**DATASET RECORDS**
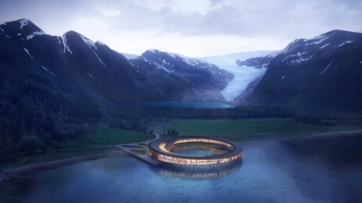 El hotel, que abrirá sus puestas en 2021, está en un entorno inmejorable. Se extenderá desde la costa al pie de la montaña Almlifjellet, hacia las aguas cristalinas del fiordo Holandsfjorden. Es el sueño de todo turista preocupado por el medio ambiente ya que cumplirá dos premisas: será el primer hotel Powerhouse del mundo y tendrá un impacto medioambiental mínimo.
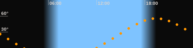 | Höchster Stand (Kulmination) | 19:25 Uhr (h = 55,8°) |
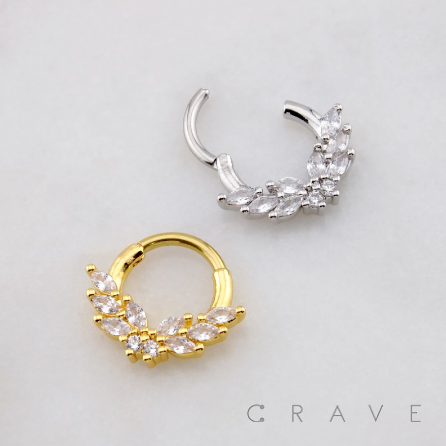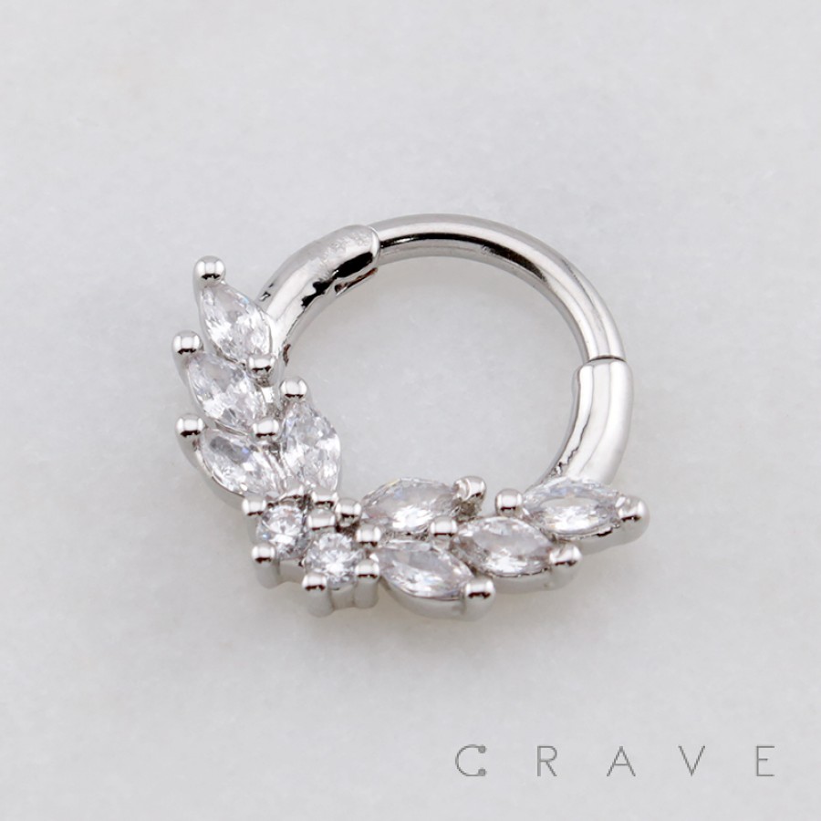 MULTI CZ MARQUISE BUTTERFLY 316L SURGICAL STEEL SEPTUM HINGED SEGMENT RING
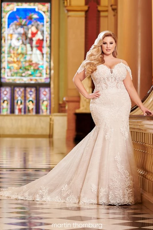 Martin Thornburg 220264W Cambria trumpet plus size wedding gown is styled in lace-appliqued tulle and allover lace, with a scalloped hem and chapel train. The semi-sheer sweetheart bodice is detailed with corset boning, beaded spaghetti straps and detachable cold-shoulder straps. Covered buttons accent the mid-rise back. Set includes a separate bodice lining.
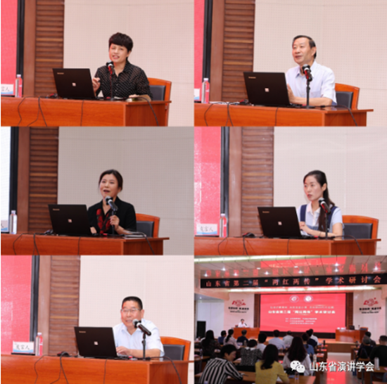 山东青年政治学院马克思主义学院院长刘丙元教授和山东省演讲学会副会长张健鹰分别主持了22日下午两个时段的大会发言环节。山东省演讲学会副会长周国柱教授、山东工商学院马克思主义学院副院长邓云副教授、东平县委党校常务副校长王玉堂教授、山东交通学院马克思主义学院王先亮、山东财经大学马克思主义学院毛玉美教授刘长明教授、山东体育学院马克思主义学院副院长张兴华教授、潍柴职业大学副校长潘伟唯、山东青年政治学院马克思主义学院邵西梅副教授等,作了大会发言,讨论了“学习领悟习近平总书记关于沂蒙精神的重要论述研究”、“演讲在红色文化传播中的作用”、“红色文化教育与高校思政课教学改革探索”、“红色基因的传承——信仰、信念、信心”、“讲好红色故事,提升思政水平”、“唱两红两传旋律,做一领四维文章”等问题,使与会者收获很大。
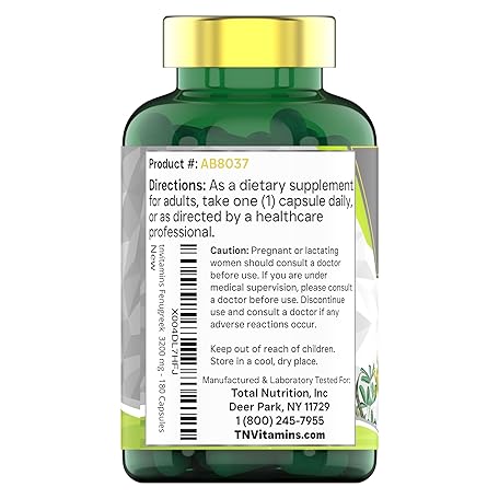 Sản phẩm tnvitamins Fenugreek Capsules: 3200 mg - 180 Capsules | Fenugreek Supplement for Men & Women | Fenugreek Seed Powder Extract | Non-GMO | Made in The USA! đang được bán với giá ưu đãi là $16.3391 tại nước Mỹ.

**EXERCISE INSTRUCTIONS**
Omit the pictures and retype exactly the lines from the one containing "MULTI CZ MARQUISE" through the end of the entries above.

**EXPECTED ANSWER**
 MULTI CZ MARQUISE BUTTERFLY 316L SURGICAL STEEL SEPTUM HINGED SEGMENT RING
 Martin Thornburg 220264W Cambria trumpet plus size wedding gown is styled in lace-appliqued tulle and allover lace, with a scalloped hem and chapel train. The semi-sheer sweetheart bodice is detailed with corset boning, beaded spaghetti straps and detachable cold-shoulder straps. Covered buttons accent the mid-rise back. Set includes a separate bodice lining.
 山东青年政治学院马克思主义学院院长刘丙元教授和山东省演讲学会副会长张健鹰分别主持了22日下午两个时段的大会发言环节。山东省演讲学会副会长周国柱教授、山东工商学院马克思主义学院副院长邓云副教授、东平县委党校常务副校长王玉堂教授、山东交通学院马克思主义学院王先亮、山东财经大学马克思主义学院毛玉美教授刘长明教授、山东体育学院马克思主义学院副院长张兴华教授、潍柴职业大学副校长潘伟唯、山东青年政治学院马克思主义学院邵西梅副教授等,作了大会发言,讨论了“学习领悟习近平总书记关于沂蒙精神的重要论述研究”、“演讲在红色文化传播中的作用”、“红色文化教育与高校思政课教学改革探索”、“红色基因的传承——信仰、信念、信心”、“讲好红色故事,提升思政水平”、“唱两红两传旋律,做一领四维文章”等问题,使与会者收获很大。
 Sản phẩm tnvitamins Fenugreek Capsules: 3200 mg - 180 Capsules | Fenugreek Supplement for Men & Women | Fenugreek Seed Powder Extract | Non-GMO | Made in The USA! đang được bán với giá ưu đãi là $16.3391 tại nước Mỹ.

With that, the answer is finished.